*Exercise prompt*. Your task is to extract every entry that follows word for word while excluding the pictures.

*Raw data*.
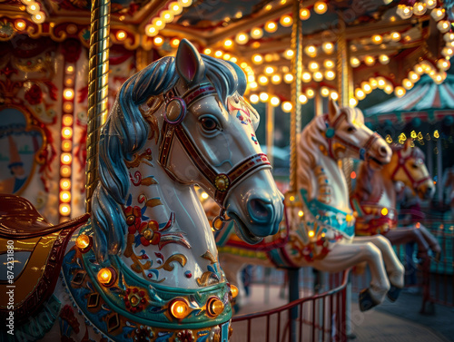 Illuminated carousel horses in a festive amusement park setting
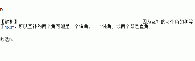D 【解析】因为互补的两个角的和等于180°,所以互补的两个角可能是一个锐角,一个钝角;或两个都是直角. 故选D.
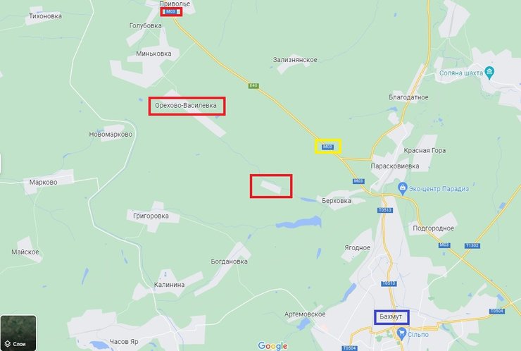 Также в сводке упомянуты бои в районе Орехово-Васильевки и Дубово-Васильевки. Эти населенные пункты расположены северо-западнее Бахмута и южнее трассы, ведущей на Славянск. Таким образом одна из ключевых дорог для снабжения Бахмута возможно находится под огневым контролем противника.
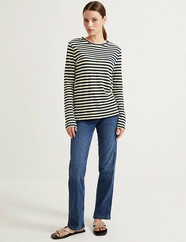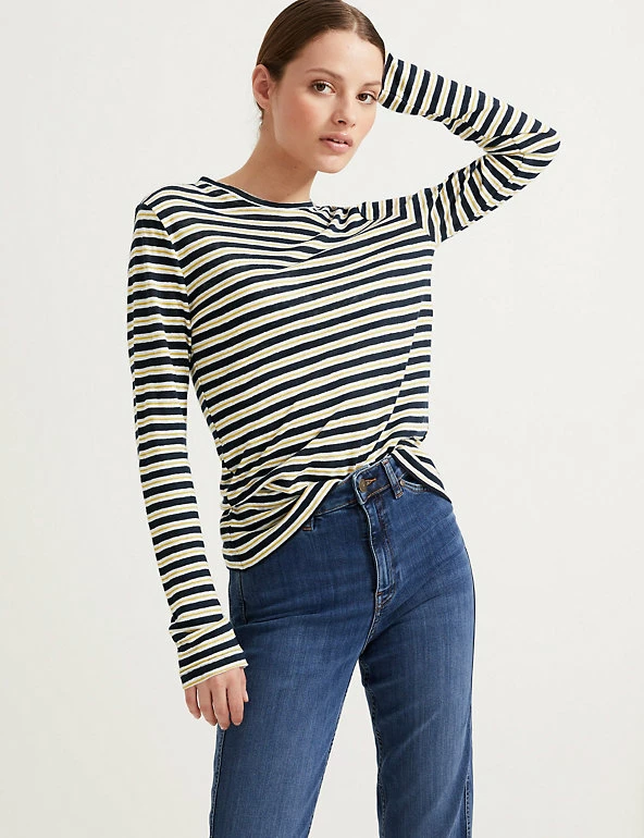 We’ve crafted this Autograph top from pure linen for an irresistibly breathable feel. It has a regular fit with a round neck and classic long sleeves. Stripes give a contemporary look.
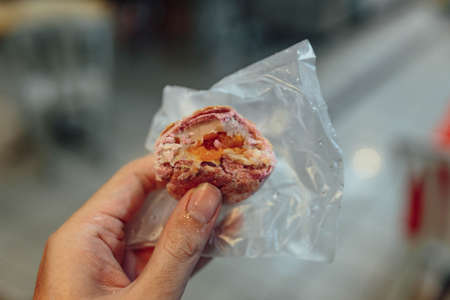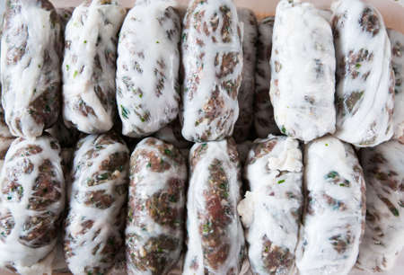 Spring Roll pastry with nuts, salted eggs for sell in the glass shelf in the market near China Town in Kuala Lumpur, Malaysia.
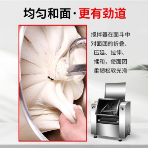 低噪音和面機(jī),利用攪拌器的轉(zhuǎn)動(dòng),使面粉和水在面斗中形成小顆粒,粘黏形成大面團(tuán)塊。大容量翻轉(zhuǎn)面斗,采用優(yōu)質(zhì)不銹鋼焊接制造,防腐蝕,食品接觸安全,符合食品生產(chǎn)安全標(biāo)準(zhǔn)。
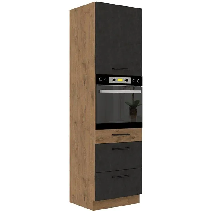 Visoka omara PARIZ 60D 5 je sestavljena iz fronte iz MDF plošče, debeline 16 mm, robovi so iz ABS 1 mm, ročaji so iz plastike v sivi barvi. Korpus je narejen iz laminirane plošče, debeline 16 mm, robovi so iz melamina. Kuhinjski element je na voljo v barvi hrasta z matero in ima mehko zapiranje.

*Reply to the exercise*.
 Illuminated carousel horses in a festive amusement park setting
D 【解析】因为互补的两个角的和等于180°,所以互补的两个角可能是一个锐角,一个钝角;或两个都是直角. 故选D.
 Также в сводке упомянуты бои в районе Орехово-Васильевки и Дубово-Васильевки. Эти населенные пункты расположены северо-западнее Бахмута и южнее трассы, ведущей на Славянск. Таким образом одна из ключевых дорог для снабжения Бахмута возможно находится под огневым контролем противника.
 We’ve crafted this Autograph top from pure linen for an irresistibly breathable feel. It has a regular fit with a round neck and classic long sleeves. Stripes give a contemporary look.
 Spring Roll pastry with nuts, salted eggs for sell in the glass shelf in the market near China Town in Kuala Lumpur, Malaysia.
 低噪音和面機(jī),利用攪拌器的轉(zhuǎn)動(dòng),使面粉和水在面斗中形成小顆粒,粘黏形成大面團(tuán)塊。大容量翻轉(zhuǎn)面斗,采用優(yōu)質(zhì)不銹鋼焊接制造,防腐蝕,食品接觸安全,符合食品生產(chǎn)安全標(biāo)準(zhǔn)。
 Visoka omara PARIZ 60D 5 je sestavljena iz fronte iz MDF plošče, debeline 16 mm, robovi so iz ABS 1 mm, ročaji so iz plastike v sivi barvi. Korpus je narejen iz laminirane plošče, debeline 16 mm, robovi so iz melamina. Kuhinjski element je na voljo v barvi hrasta z matero in ima mehko zapiranje.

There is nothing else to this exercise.